I try my best not to put expectations on my children. They have kids of their own, very busy lives, many responsibilities, and they don’t need unspoken pressure from me. I don’t try to force a square peg into a round hole. We must give them the freedom to be themselves.
Our adult children will not each face the same degree nor the same intensity of trials, suffering or hardships. Trials, troubles and suffering are never equally distributed. They just aren’t. That’s a fact of life. My wife and I strive to be very attentive and aware of those going through difficulties, hardships and suffering. We strive to serve and help out in any way we possibly can. It’s never that we love one child more than another. It’s just simply a fact of life that some may have greater needs as a result of the trials, troubles and tribulations that come their way, than another child might have. One child may have a greater cross to bear than another. Therefore, the need to serve or give is greater, more urgent and necessary.
My wife and I see ourselves as servants to our adult children. God may call you to serve them in ways you never imagined. Servanthood is our calling. Yes, as we get older we have more limitations. Service comes in various forms. The need to offer encouragement, we strive to give it. The need to offer physical help, we strive to give it. The need to offer financial help, we do whatever we possibly can. I know many sources advise against this. Let me say, I derive my philosophy in this matter from God’s word, not this world. It is more blessed to give than receive. Do good to all men but especially to the household of faith (all my children are not only my kids but my fellow believers). If you see a brother or sister in need and do nothing, how can the love of God live in you? Let us not love in words only but in deeds and in truth. The generous man will prosper. I can tell you this, I would rather help one of my children in need than go on any trip or vacation. I would rather help one of my children and their family in need than drive an expensive car, or spend money on myself. I know what it’s like to have great financial struggles and hardships. Always remember helping your children in these ways is laying up treasures in heaven!
My wife and I pray together every day for our children. The challenge of adulthood, parenting, life, is so much greater, so much harder than being a child. They desperately need our faithful prayers on their behalf. In fact, I pray every single morning for all of my children and their families myself, and then later in the morning I pray with my wife for all of them again. We bring each of their individual needs to God, not just the lazy, cheap, shotgun approach of, “Lord, bless our kids.” They desperately need God’s miraculous help, and His supernatural provisions.
Strive to be understanding as a father, and mother. Do your best to be supportive, and encouraging. Your adult children may face some challenges that you’ve not had to face in the same exact way, or never faced at all. It’s imperative you’re sensitive, compassionate and understanding. Open your eyes, walk in their shoes, and by all means be empathetic, not judgemental, harsh and condemning.

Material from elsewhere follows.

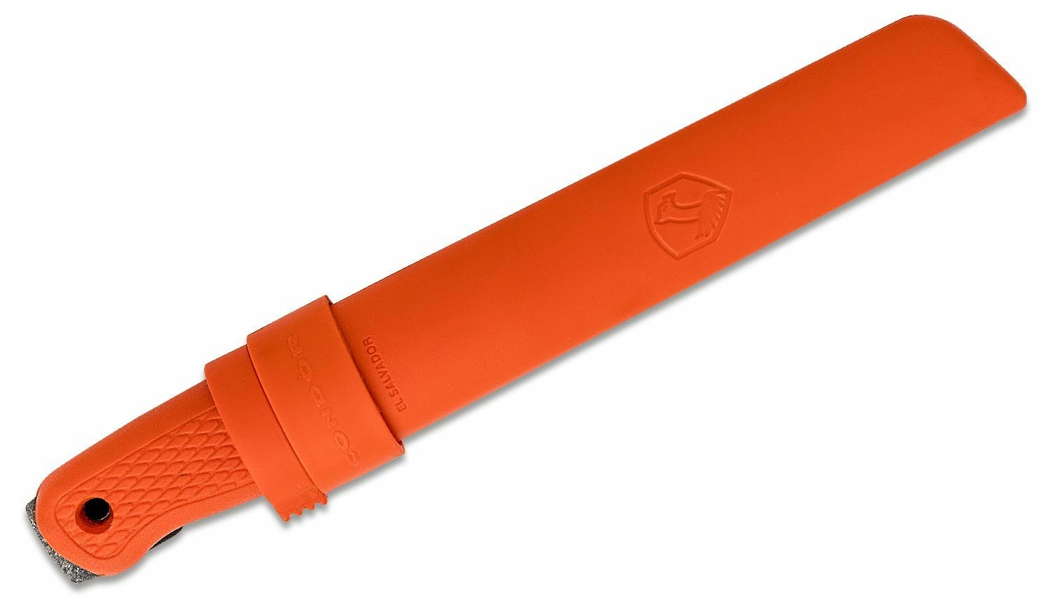 De ergonomische handgreep van duurzaam polypropyleen in goed zichtbare oranje kleur ligt uitstekend in de hand en heeft aan het uiteinde een oog voor een koord. De set omvat een lichte en stevige schede van polypropyleen, compatibel met het Bushglider-model, die comfortabel dragen aan zowel de rechter- als linkerzijde mogelijk maakt.
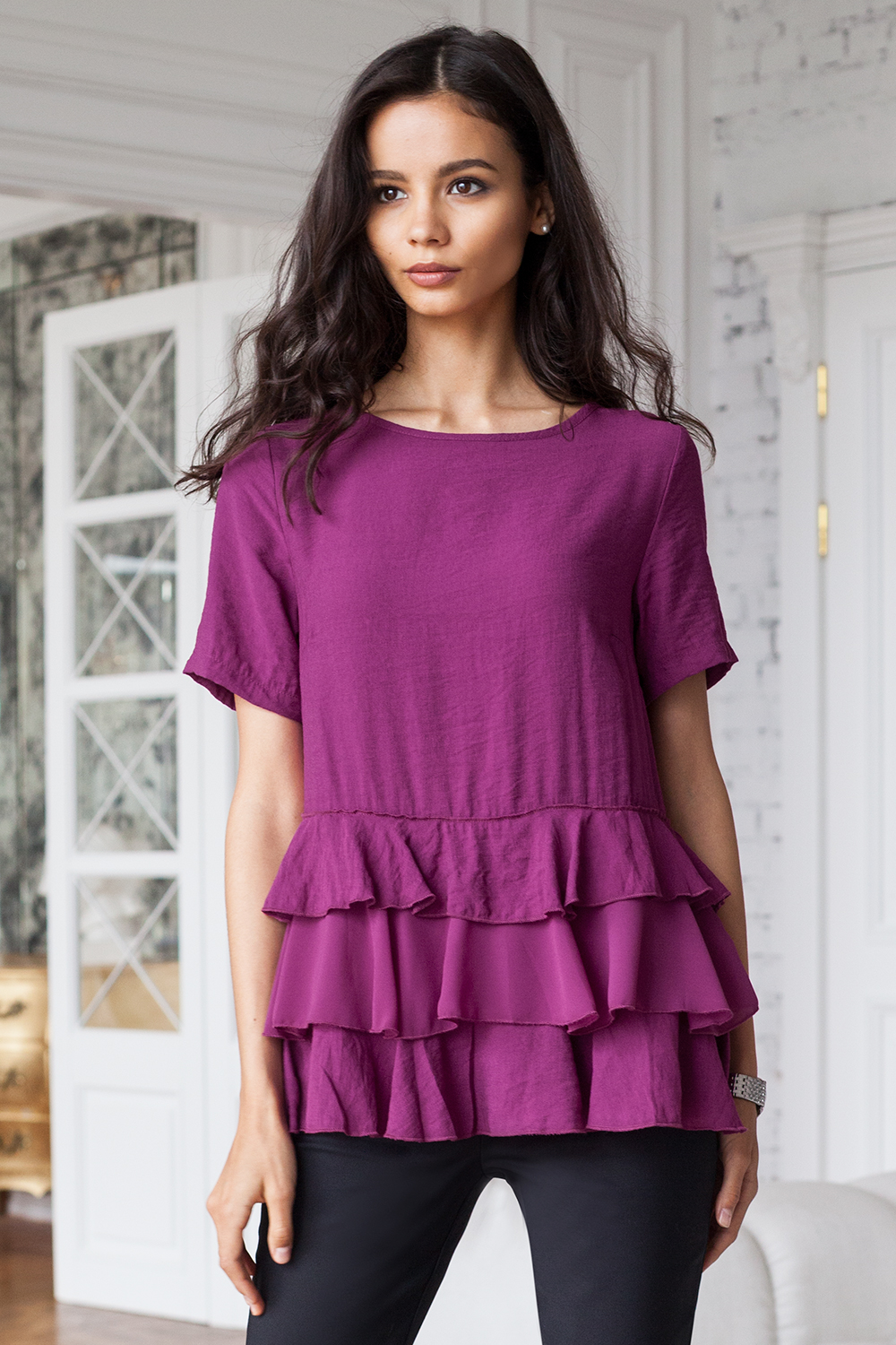 Блузка свободного силуэта выполнена из плотного вискозного полотна с легким эффектом жатки. Баска дополнена рядами воланов, которые придают изделию эффектный и женственный вид.

I try to give my children the benefit of all the wisdom I’ve gained over the last 50 years, and the benefits of my life’s experiences. Some, they’ll find useful, at other times not so much.
Not a day goes by that I don’t think of how good, faithful, generous, kind, full of grace and compassionate my own Heavenly Father has been to me. Everything I have, He gave to me. I strive most of all to be like Him towards my own children, in the same way He has treated me, His child.